Le silence (Small Mercies)
Auteur : Dennis Lehane
Traduit de l’américain par François Happe
Éditions : Gallmeister (23 Avril 2023)
ISBN : 978-2351783221
450 pages
Quatrième de couverture
En cet été de 1974, à South Boston, quartier irlandais de
Boston, Mary Pat Fennessy mène une existence routinière. Un soir, Jules, sa
fille de dix-sept ans, ne rentre pas à la maison, et sa trace disparaît dans la
chaleur moite de la ville. La même nuit, un jeune Noir se fait mortellement
percuter par un train dans des circonstances suspectes. Ces deux événements
sans lien apparent plongent les habitants de Southie dans le trouble.
Mon avis
« Nous sommes des êtres humains. Le pire d’entre
nous a du bon en lui. Le meilleur d’entre nous a le cœur qui renferme une part
de mal pur. Nous bataillons. »
Dennis Lehane est un de mes auteurs préférés, il ne m’a
jamais déçue. Ses romans sont noirs, soulèvent des problématiques de violence,
de racisme, de société. Alors oui, le propos est dur, sombre, pas gai mais
c’est tellement bien écrit ! Ça vous prend aux tripes dès les premières
lignes et vous êtes immédiatement dedans.
On est en 1974, à Boston, dans le quartier
« Southie » où sont installées, en majorité, des personnes d’origine
irlandaise. Ce n’est pas très loin de là que Lehane a lui-même grandi. À cette
époque, la politique du « busing » est mise en place. Il s’agit de
transporter, en bus, des élèves blancs dans des écoles accueillants des élèves
noirs et inversement afin de participer à la désagrégation. Une méthode pour
éviter toute ségrégation raciale…. Sur le papier, ça peut sembler une bonne
idée. Mais les habitants, jeunes ou adultes, ne veulent pas de ce projet et les
tensions sont nombreuses. Il n’est pas bon de s’attarder dans un quartier où on
n’a rien à faire et tout étranger ne sera pas le bienvenu.
C’est dans cette atmosphère que nous faisons connaissance
avec Mary Pat, une mère de famille de Southie qui vit avec sa fille Jules,
dix-sept ans. Son fils, vétéran du Viet Nam est mort, son premier mari aussi et
le second n’est plus avec elle. Elle accumule les boulots pour s’en sortir,
fait de son mieux avec sa gosse qui n’est pas toujours facile. Dans leur
appartement, rien de bien folichon, les bruits qui s’entendent comme dans
beaucoup de cités… Mais en apparence, les gens du coin se serrent les coudes.

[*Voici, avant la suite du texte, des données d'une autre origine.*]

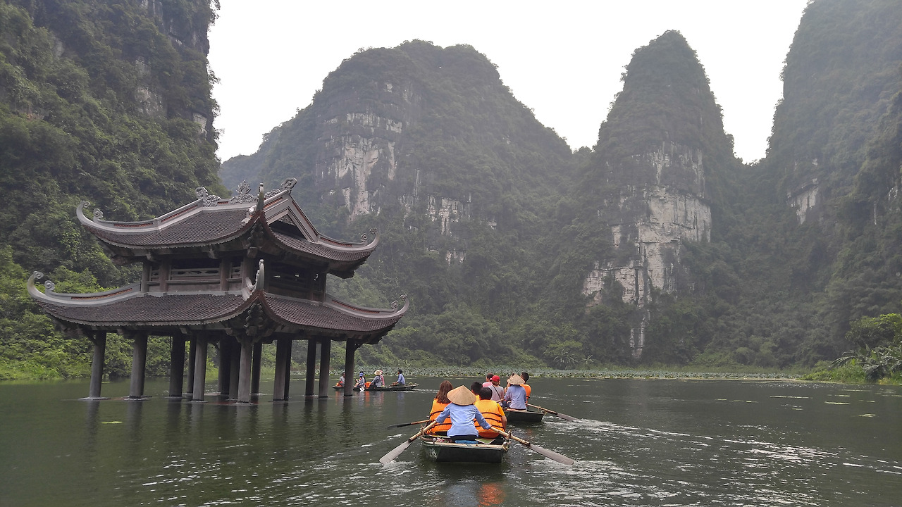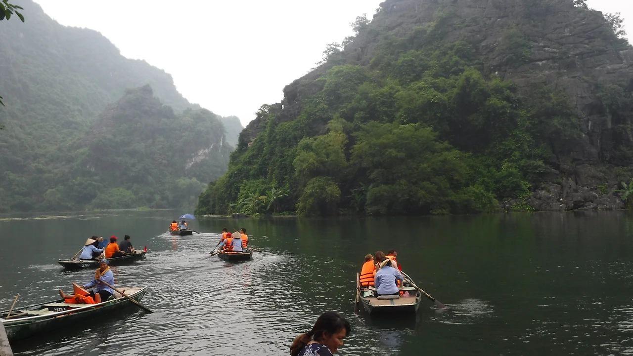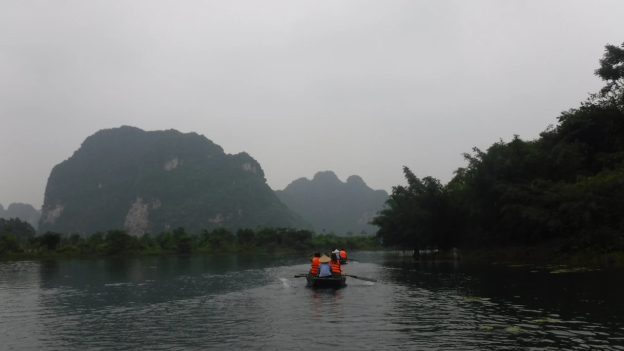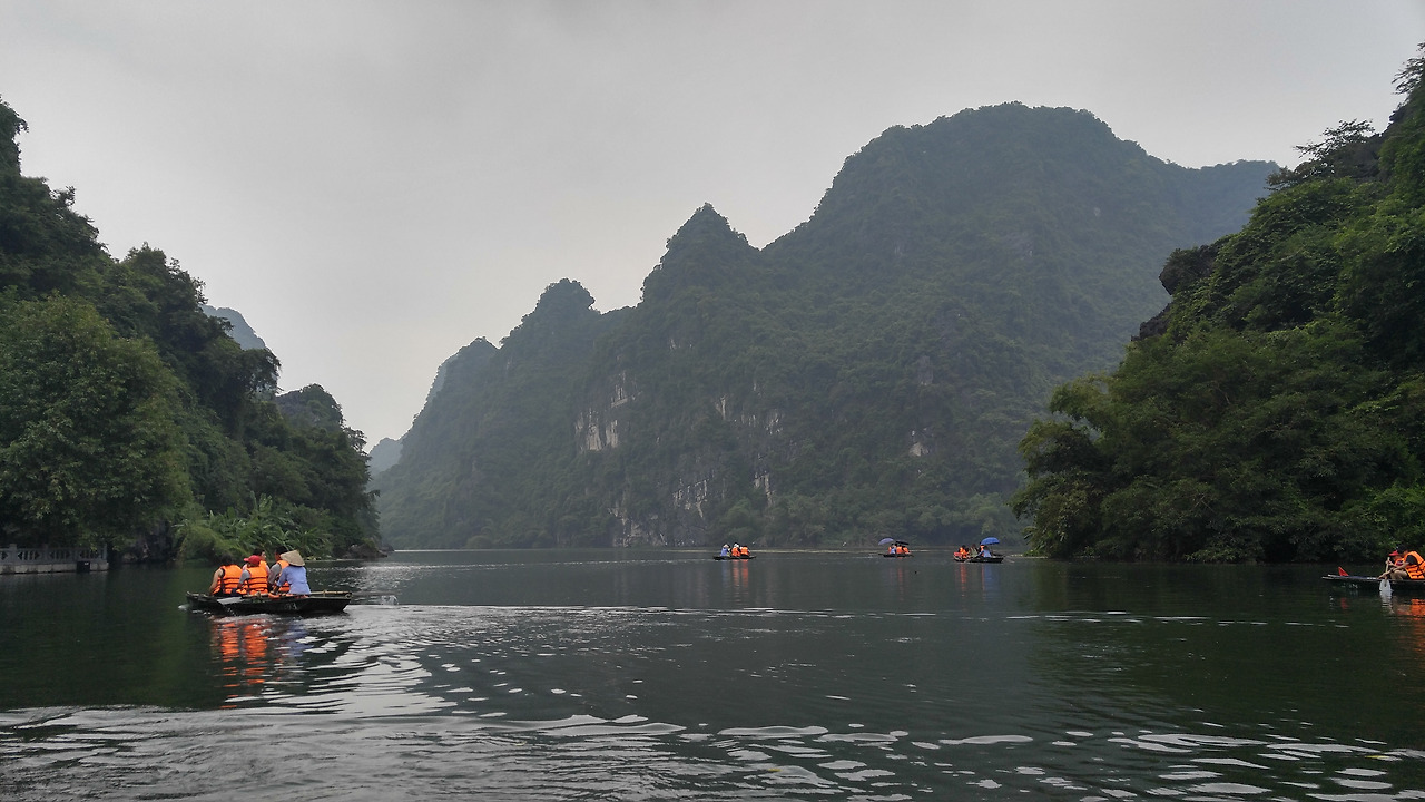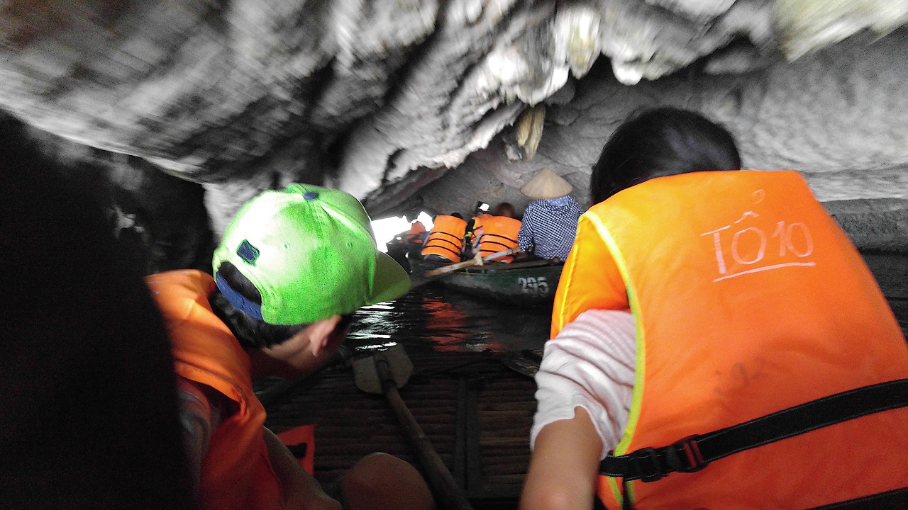 1400 배가 고파서인지 무척이나 맛있게 점심식사. 일종의 베트남식 간이 뷔페 스타일. 밥 다 먹고 1445 짱안 도착해서 본격적인 보트 투어. 2014년 유네스코 세계복합문화유산에 등재된 곳답게 풍광이 기가 막힘. 나이 좀 들어보이는 아주머니가 직접 노를 저어주는 보트로 근 두 시간 가까이 유람. 여분의 노가 보트에 있어 아이들과 돌아가며 잠깐잠깐 저음. 내릴 때 팁(5천원)은 필수.
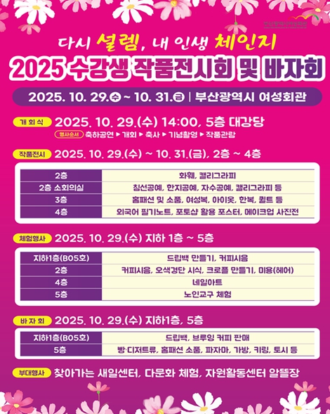 [전시회, 2~4층] 수강생들의 ▲작품 화훼 ▲조각보 ▲홈패션 ▲손 글씨(캘리그래피) 등 15종 300여 점을 행사 기간 3일 동안 전시할 예정이며, 시민 누구나 관람할 수 있다.

Un soir, Jules ne rentre pas et en parallèle, un jeune Noir
meurt dans des circonstances un peu bizarres. Mary Pat, une battante dans tous
les sens du terme, décide de retrouver Jules. On va suivre la quête de cette
femme volontaire, pleine de rage et de colère, prête à tout. Elle traque les
hommes, les femmes qui savent, peut-être, ce qu’il s’est passé cette nuit. Elle
recoupe les faits. C’est une guerrière. Et si la police traîne un peu, elle
agit.
Peut-on faire justice soi-même ? Où se situe la limite
entre le bien et le mal ? A-t-on le droit d’autoriser la haine quand on a
souffert injustement ? Ce sont des questions récurrentes chez Lehane, et
elles sont primordiales.
Au fil des pages, nos poings se serrent, la tension
s’intensifie, on sent que les lieux deviennent une cocotte-minute, tout peut
exploser d’un moment à l’autre. Mary Pat, mère courage, ne lâche rien, creuse
encore et encore, elle veut la vérité. Ceux de la cité ne sont pas si unis que
ça et elle se sent bien seule. Un policier, Bobby, réalise qu’elle va
probablement aller trop loin. Mais que faire pour la calmer, alors que même la
police n’arrive pas à gérer les trafics de drogue et tout ce que cela entraîne
de dégâts et de dérives ?
Quand cet auteur écrit, il me bouscule, me bouleverse, me
captive. Même s’il me renvoie en pleine face, certains mauvais côtés de notre
monde (car il ne faut pas rêver, ce n’est guère mieux de nos jours), il a le
mérite de nous rappeler qu’il faut être vigilant. Il sait transmettre à la
perfection les émotions, les scènes, on est au cœur de ce que vivent les
protagonistes. La psychologie des individus est approfondie et très présente
sans être lourde. Le vocabulaire très « parlant » (merci à François Happe
pour l’excellente traduction).
C’est du grand Lehane et je souhaite vraiment que ce ne soit
pas le dernier, comme le disent quelques rumeurs.